The meeting with Blinken was similarly inconclusive, according to Lina Abu Akleh, Shireen’s niece.
“There were no promises, no commitments other than the fact that they [the administration] would be more transparent with us moving forward,” she told MSNBC.
She also explained that the family is looking to the US administration for “meaningful action” and “accountability” as well as a US investigation into the circumstances of Shireen’s killing.Impunity
“Accountability,” she said, “is the least thing they could do for an American citizen.”
It is also the last thing the US seems to demand when it comes to alleged Israeli crimes against Americans, let alone anyone else.
To give just three examples:
Earlier this year, Israeli soldiers manhandled an elderly Palestinian American man at a checkpoint near Ramallah in the occupied West Bank.
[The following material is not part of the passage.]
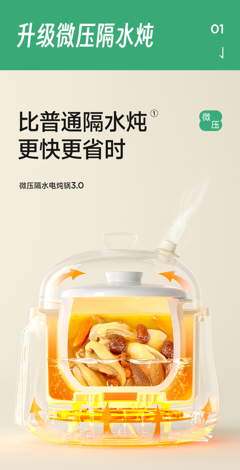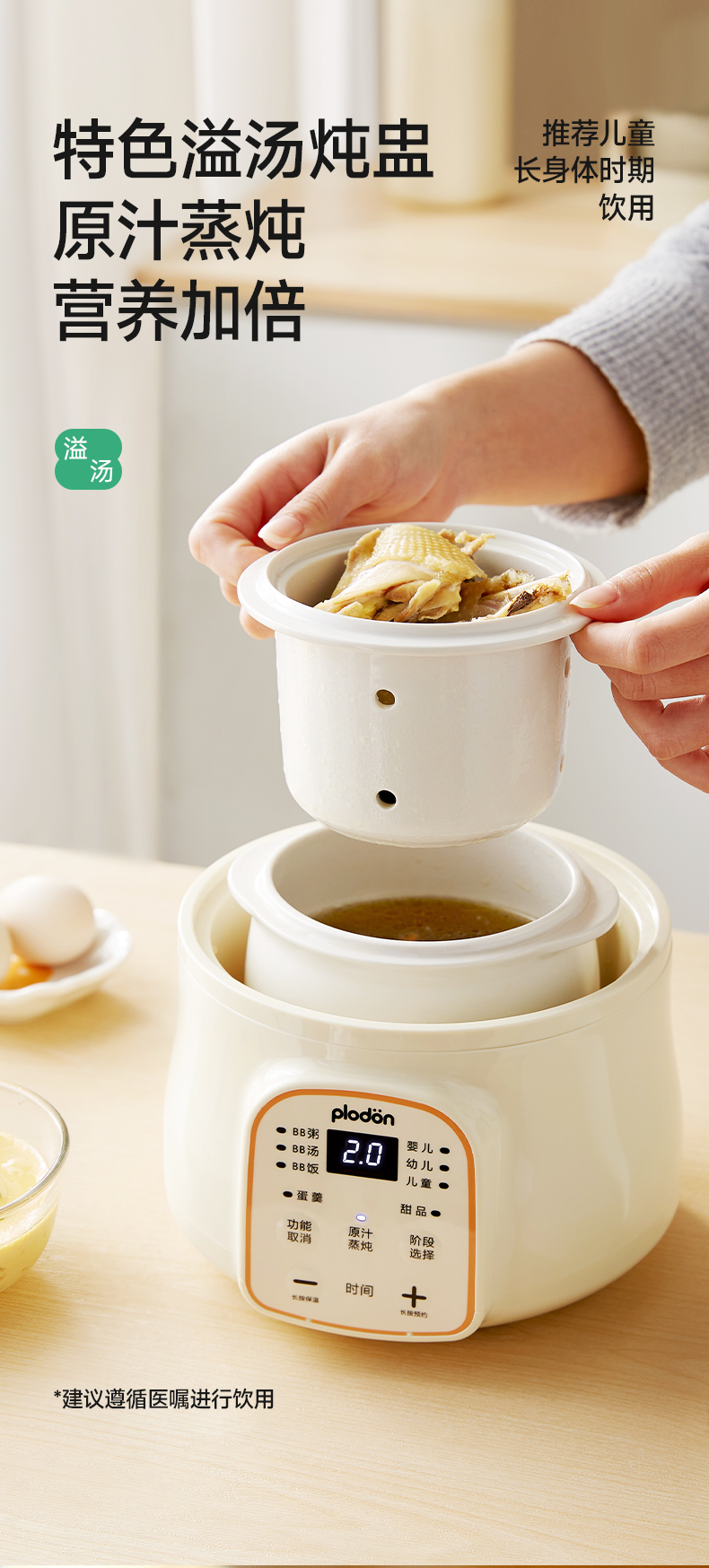 浦利顿电炖锅分月龄BB煲粥饭锅婴儿专用微压炖盅PLD-DGD8-8AWG-1
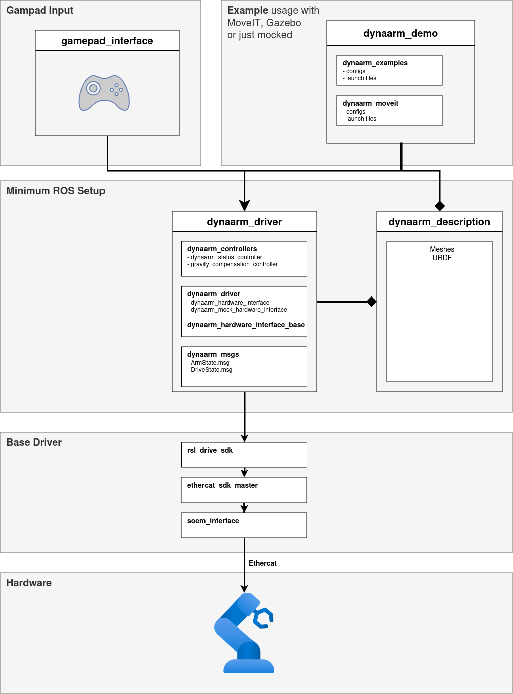 The DynaArm software is built on a modular ROS 2-based architecture, leveraging the following packages:

Omar Assad died of a heart attack brought on by the abuse – he was blindfolded, handcuffed and gagged – he suffered at the hands of Israeli soldiers.
The US called for a “thorough investigation.” The result: A verdict of accidental death that saw two soldiers fired and one reprimanded.
Not much of a punishment for what at best could be considered manslaughter.
Rachel Corrie was killed when protesting a military bulldozer demolishing homes in Rafah in Gaza in 2003. And yet, even though the bulldozer ran straight over her, again Israel deemed the activist’s death accidental.
Neither the driver, nor anyone in a more senior position, was punished.
All subsequent appeals have failed. The Corrie family, however, continues its struggle for accountability.
In 1967, during the war that would leave Israel in control of all of historical Palestine, Israeli aircraft attacked the USS Liberty, an American warship deployed to the Mediterranean and, at the time of the attack, in international waters.
Thirty-four crew members were killed and 173 were injured in the two-hour attack.
Israel apologized and offered some money in compensation, but no member of its military was held to account or punished. It also said the attack had been an accident caused by a misidentification of the ship as Egyptian.
Surviving crew members remain unconvinced that this was not a deliberate attack and in 2005 petitioned the US Department of Justice to hold Israel accountable for war crimes.
Their wait for accountability goes on.
Accountability
In the ever-growing pantheon of Israeli transgressions of international law and international humanitarian law – mass ethnic cleansing, population transfers, civilian settlements in occupied territory, assassinations, the unprovoked bombing of neighboring countries, the incarceration of children, detention without trial, apartheid – the killing of a single Palestinian American journalist might get lost.
Not, of course, if the Abu Akleh family has anything to do with it.
“There needs to be an end to this impunity,” Lina Abu Akleh told MSNBC.
And she’s right. It is precisely Israeli impunity that has bred the kind of murderous sense of invulnerability in the Israeli military that led to Shireen’s killing and the murder of countless of others.
After all, if you are allowed to kill, chances are, you will.
No reason the Israelis should be any different.